In this comparison, PRIM (0.
3% yield) pays a dividend. SHIM, PWR, MYRG, ROAD do not pay a meaningful dividend and should not be held primarily for income.
09Is SHIM or PRIM or PWR or MYRG or ROAD better for a retirement portfolio?
For long-horizon retirement investors, MYR Group Inc.
(MYRG) is the stronger choice — it scores higher on the combination of lower volatility, dividend reliability, and long-term compounding (+1681% 10Y return). Shimmick Corporation Common Stock (SHIM) carries a higher beta of 1. 78 — meaning larger drawdowns in market downturns, which matters significantly when you cannot wait years for a recovery. Both have compounded well over 10 years (MYRG: +1681%, SHIM: -11. 4%), confirming both are viable long-term holds — but the lower-volatility option typically results in less emotional selling during corrections. Retirement portfolios generally favour predictability over maximum returns.

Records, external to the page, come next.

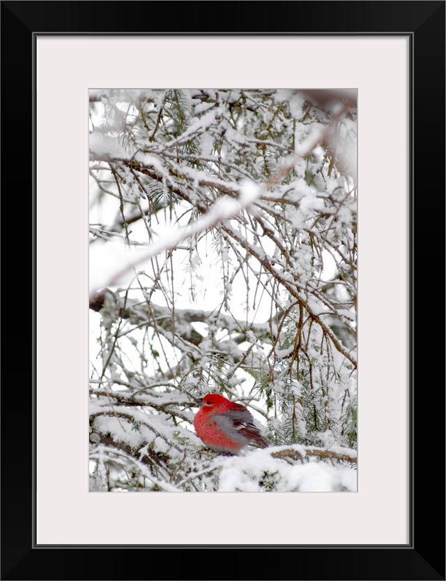 <p>A single fat red bird sits on a snowy cluster of pine tree branches.</p>
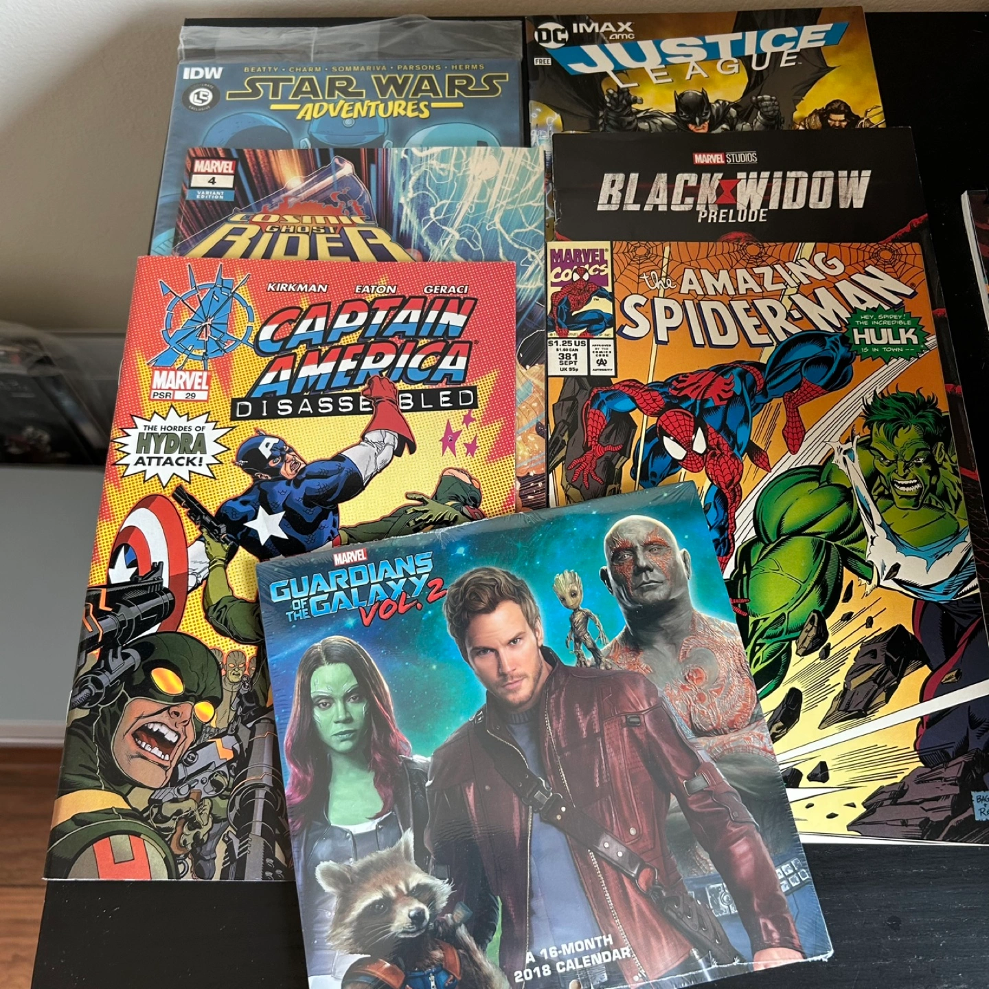 Selling a collection of Marvel comic books. Includes titles like The Amazing Spider-Man, Black Widow Prelude, Captain America Disassembled, and Star Wars Adventures. Also includes a Guardians of the Galaxy Vol. 2 16-month 2018 calendar
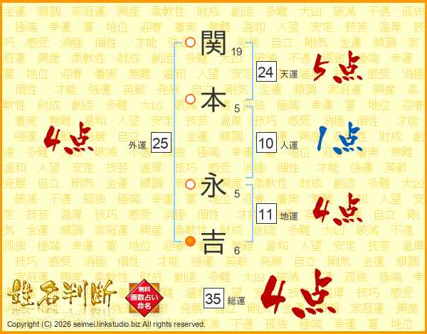 関本永吉さんの天運は24画の5点!
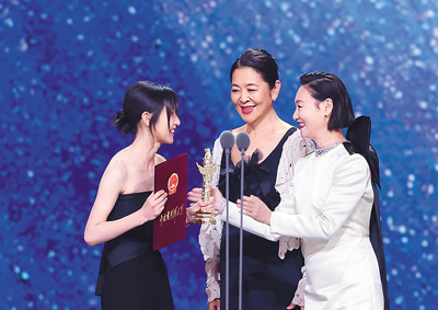 倪萍(中)、惠英红(右)为获得第十九届中国电影华表奖优秀女演员奖的张子枫颁奖。 |
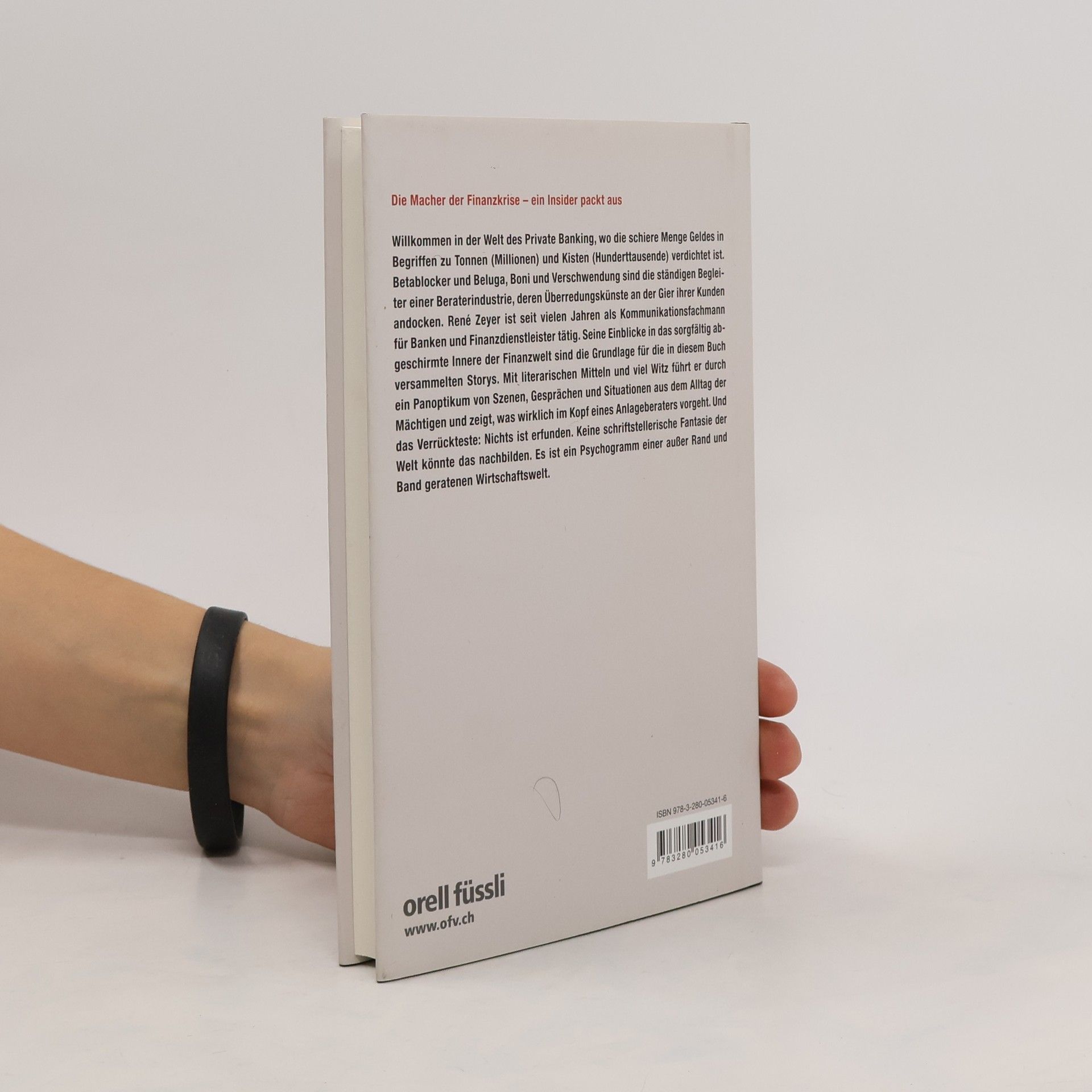 René Zeyer entlarvt mit viel Witz und literarischem Können Eitelkeiten, Intrigen, Ängste, Karrieresucht und Geltungsbedürfnis von Bankern. Und das Verrückteste: Nichts ist erfunden – ein Insiderbericht aus der bislang sorgfältig abgeschirmten Finanzwelt. Mit spitzer Feder und viel Ironie führt René Zeyer durch ein Panoptikum von Szenen, Gesprächen und Situationen aus dem Alltag der Mächtigen. Als Kommunikationsfachmann für Banken und Finanzdienstleister weiss er, was wirklich in den Köpfen von Anlageberatern vorgeht, deren ständige Begleiter Beluga, Boni und Verschwendung sind. Zeyer blickt satirisch hinter die Kulissen und zeichnet schonungslos die Mechanismen von Gier und Gaunerei, die den Kasino-Kapitalismus prägen.

Consult a financial advisor before making allocation decisions.
10What are the main differences between SHIM and PRIM and PWR and MYRG and ROAD?
Both stocks operate in the Industrials sector, making this a peer-level intra-sector comparison — the same macro tailwinds and headwinds will affect both.
In terms of investment character: SHIM is a small-cap quality compounder stock; PRIM is a small-cap high-growth stock; PWR is a mid-cap high-growth stock; MYRG is a small-cap quality compounder stock; ROAD is a small-cap high-growth stock. These fundamental differences mean investors should not choose between them on a single metric — the "better stock" depends entirely on which of these characteristics aligns with your investment strategy.